Things beckon us with curiosity and then perplex us with their inexhaustible demands, and so we leave off our efforts to engage in a project (or to finish it) and we move on to something else. The daunting spectrum of possibilities that confront us as we go through an ordinary day in the artificial world of ubiquitous technological power wears out our faculty of choosing, and we become increasingly passive. The events of the day “hit us” one after another and we “move through them” as if they are disconnected, discontinuous moments, pieces of life. Or we “react” out of a desperate reach for some sort of coherence, some set of ideas that we fear are being threatened. Emotions are provoked that compound our exhausted, fragmented condition.
Then, when we get a moment “to ourselves,” we feel restless. Our nerves are accustomed to chaotic stimulation, and there is never silence in the technopolis. The air conditioner whirs, traffic goes by, construction workers drill across the street. Clocks no longer “tick tock” but the electronic environment that surrounds us has its own sounds, its “thrum” beneath the threshold of our conscious awareness, its energy coursing all around us, powering the artificial infrastructure that we take for granted in a contemporary house or office.
We are restless.

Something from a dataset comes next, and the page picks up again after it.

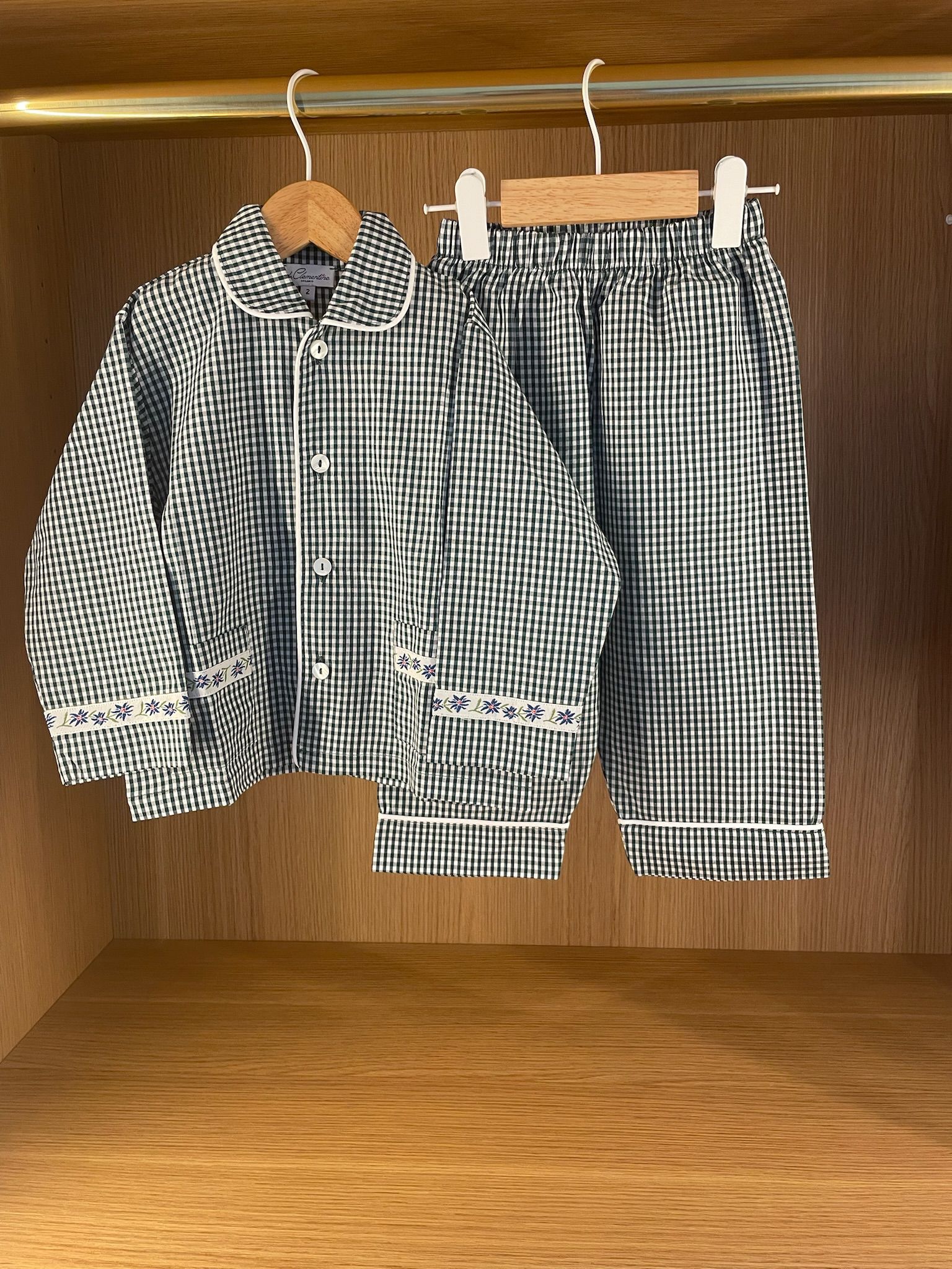 Pigiama spezzato in popeline a quadretti verde con passamaneria tirolese.

There is always a “tremor” under our feet—I won’t say “on the ground” because our feet are seldom on the actual ground. Our “floors” are constructed, our roads and walkways are concrete, our bodies hurdle over these roads at speeds beyond anything our ancestors dreamed possible while we sit stationary and comfortable inside our great traveling gadgets, and then we exercise on machines in a gym. Our feet rarely touch dirt. But there is always a tremor. Stillness is never entirely still. It’s always a challenge to use our reason, our poor little human reason, and it’s especially hard when our senses are so “stretched”—constantly “plugged in,” enlarged, distracted, scattered, enervated. We are restless.
Our cell phones ring, shake, buzz, and we focus on digital connections near and far. A “world” of information, images, entertainment, opinions that we scroll through, jumping from one thing to another, oblivious to the discontinuity that hinders us from engaging anything in depth. This immensely powerful little gadget has its uses, conveniences, and perhaps it can even be a bit playful.
But how much of all this do we need?
As we scroll through TikTok (or whatever platform we prefer), we might fail to notice that we live our lives in distraction, pulled in so many directions, desires, fears, anger—we live like a TikTok scroll: random, superficial, manipulated, and too fast.
Who is “scrolling through” our lives?